Are you just talking about her open birthing vagina is what you're talking about?

No, her hanging and then the baby.

Oh, flopping out of her?

But also hanging.

This is a great detour.

I'm glad we're here.

Well partly the Proctors had been condemned by the testimony of their servant Mary Warren who had flipped from afflicted to accused and back to afflicted, a switch that certainly didn't help the Proctors.

No. Fucking Kevin Durant trying to get out of the Nets.

Wow. That's an interesting observation coming from you.

He read a headline.

This is how I talk to straight men.

Now John Proctor's conviction would have been a big deal anywhere in the western world owing to his status and gender. But his trial and conviction would pale in comparison to that of the man who faced the judges in Salem next, the reverend George Burroughs.

This is the only guy I'm proud they hung. They got him, man.

He sounds like an asshole.

Just because he was a reverend?

You can't just go around killing people for being assholes!

You're correct. But this is kind of the crux of all of these trials is the fact that when he is convicted, that's when shit blows up.

Because you crossed the line, you finally did the thing. What was it? They're using the line now, someone crossed the Rubicon. That's what it is.
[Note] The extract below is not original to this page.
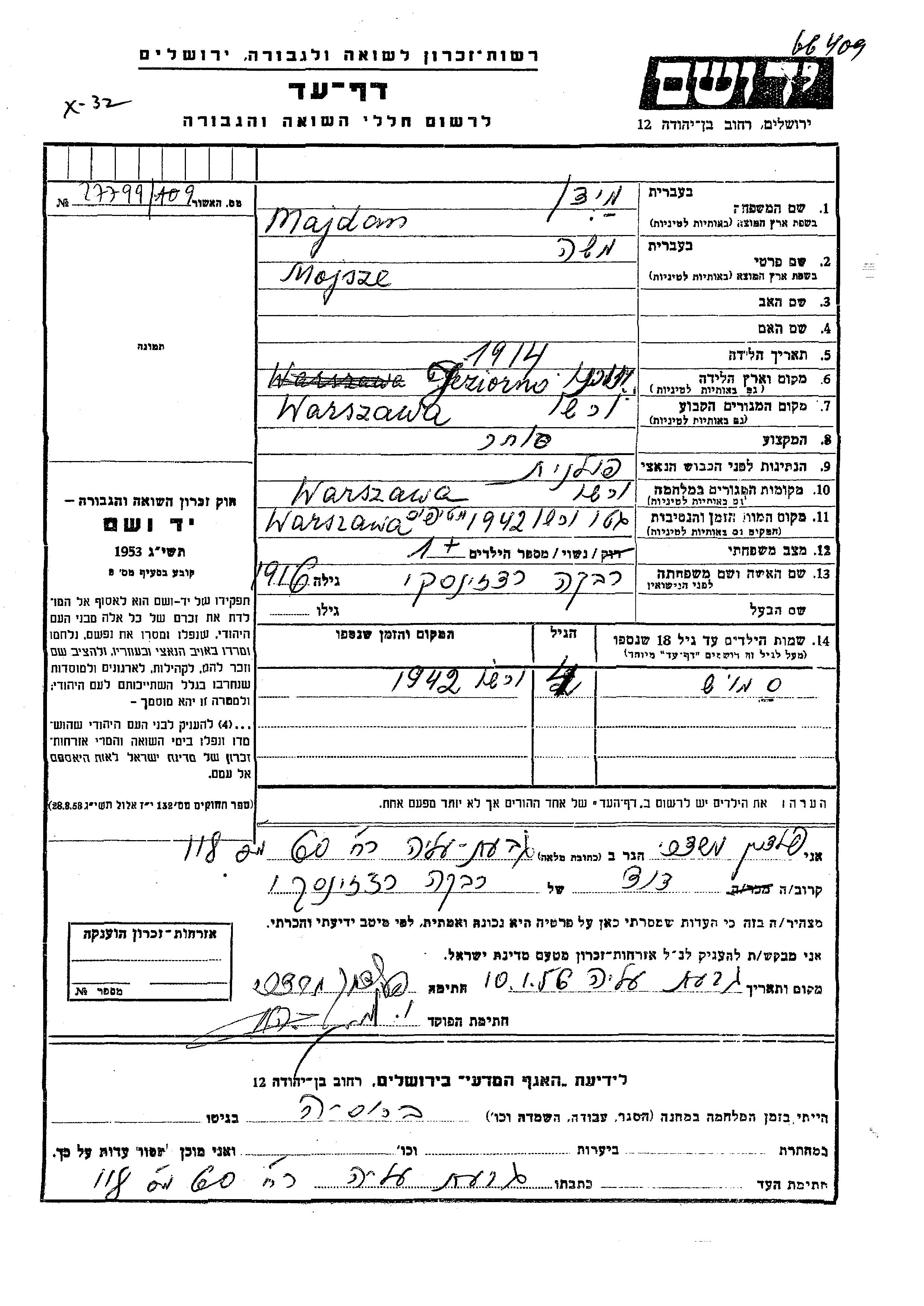 Mojsze Majdan Mieden was born in Jeziorna, Poland, 1914. He was a merchant and married to Rivka nee Radzinski. Prior to WWII he lived in Warszawa, Poland. During the war he was in Warszawa, Poland. Mojsze was murdered in the Shoah. Place of death: Warszawa, Poland, 1942.
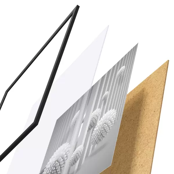 De poster bestaat uit een frame, plexiglas, geprinte afbeelding en spaanplaat achterkant. De poster kan meteen aan de muur worden gehangen dankzij de bevestigingen op de achterkant.

They've been using that line since Napoleon crossed the Rubicon hundreds of years ago. Not even, that wasn't Napoleon, that was fucking Julius Caesar. Julius Caesar crossed the Rubicon! People have been saying that for thousands of years!

Everybody that was crossing through the Rubicon, why does nobody just enjoy it? Smell the flowers, enjoy yourself.

After Julius Caesar returned from his campaign in Gaul, sir!

The Rubicon actually sounds kinda nice.

I don't know. All I know is I think someone crossed the Rubicon. That's for sure.

You crossed the Rubicon on just making shit up.

Hey man, hey. I'm just a funny guy.

What the fuck is a Rubicon?

Yeah, being hanged is much better than doing cold calls.